This model is currently being fine-tuned with deepspeed+bf16 weights using the dataset from Robert A. Gonsalves' article "I Once Trained an AI to Rhyme, and It Took GPT-J a Long Time. Since the Colab was slow, I upgraded to Pro. Each limerick cost me a dime."
https://towardsdatascience.com/i-once-trained-an-ai-to-rhyme-and-it-took-gpt-j-a-long-time-de1f98925e17
Some examples generated by the 8-bit version of this model (separately fine-tuned on 1 epoch with 1 rtx3090):
I've a limerick model file,
Which, when opened, presents a pile
Of bad-to-good verse.
I don't think it's much worse
Than the limerick I wrote in my style.
On your index cards, write down your need,
And arrange them in order of speed.
When you're done, you'll recall
Which one's quicker than all,
And you'll know which is best, if indeed.
Unfortunately, support for 8-bit FTing doesn't seem widely available yet on HF:
"8-bit state dicts cannot currently be loaded directly into the 8-bit model after being pushed on the Hub.

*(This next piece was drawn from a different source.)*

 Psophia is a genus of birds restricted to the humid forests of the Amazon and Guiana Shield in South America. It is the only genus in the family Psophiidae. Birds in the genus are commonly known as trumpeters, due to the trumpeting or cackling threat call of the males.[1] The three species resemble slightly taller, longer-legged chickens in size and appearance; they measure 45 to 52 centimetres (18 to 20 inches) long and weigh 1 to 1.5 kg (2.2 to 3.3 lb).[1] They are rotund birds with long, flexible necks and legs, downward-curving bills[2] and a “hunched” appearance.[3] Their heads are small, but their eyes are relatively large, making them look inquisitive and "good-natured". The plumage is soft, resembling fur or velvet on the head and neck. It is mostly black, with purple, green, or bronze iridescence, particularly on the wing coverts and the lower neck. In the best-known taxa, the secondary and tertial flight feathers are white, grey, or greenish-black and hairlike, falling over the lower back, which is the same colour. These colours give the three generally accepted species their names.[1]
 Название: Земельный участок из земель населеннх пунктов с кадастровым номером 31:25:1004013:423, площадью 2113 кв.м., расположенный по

This is due to the fact that the statistics (remember weight.CB and weight.SCB) computed by the model are not currently stored or taken into account inside the state dict, and the Linear8bitLt module does not support this feature yet. We think that having the ability to save that and push it to the Hub might contribute to greater accessibility."

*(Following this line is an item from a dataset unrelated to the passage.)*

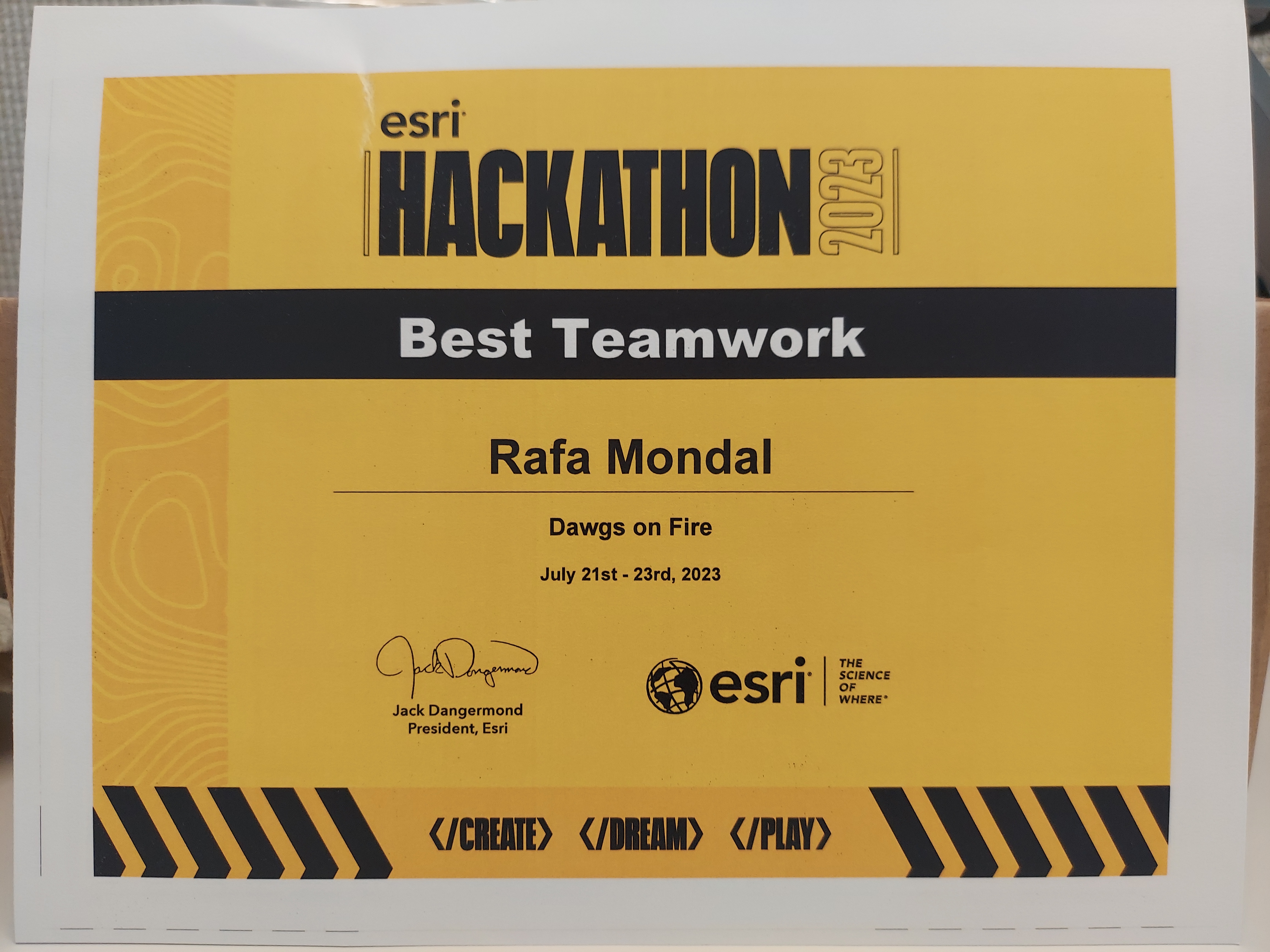 Our team, Dawgs on Fire, won the “Best Teamwork” award!

https://huggingface.co/blog/hf-bitsandbytes-integration#saving-8-bit-state-dicts-on-the-hub
Here's what the bf16 model (not the unavailable 8bit model) could do after 160 steps with batch size 24:
Prompt: Baseball
0: fun \ gun \ games \ names \ on
1: games \ rages \ play \ day \ cheers
2: all \ call \ old \ gold \ hell
3: games \ rants \ all \ call \ beers
4: all \ shall \ games \ guys \ ball
5: game \ name \ best \ chest \ fame
6: games \ dreams \ drehs \ prehs \ kwames
7: games \ fears \ yanks \ cheers \ beers
Going through the multi-step process outlined by Robert A. Gonsalves in his article, it is possible to make a very crude limerick-like poem using the new bf16 trained weights, despite the fact that it hasn't seen much phonetic data yet from the training set:
You've got to be careful when you game:
Don't forget that they've got a name
For some of the best
Baseball games on the chest
If you forget, then they'll have your fame.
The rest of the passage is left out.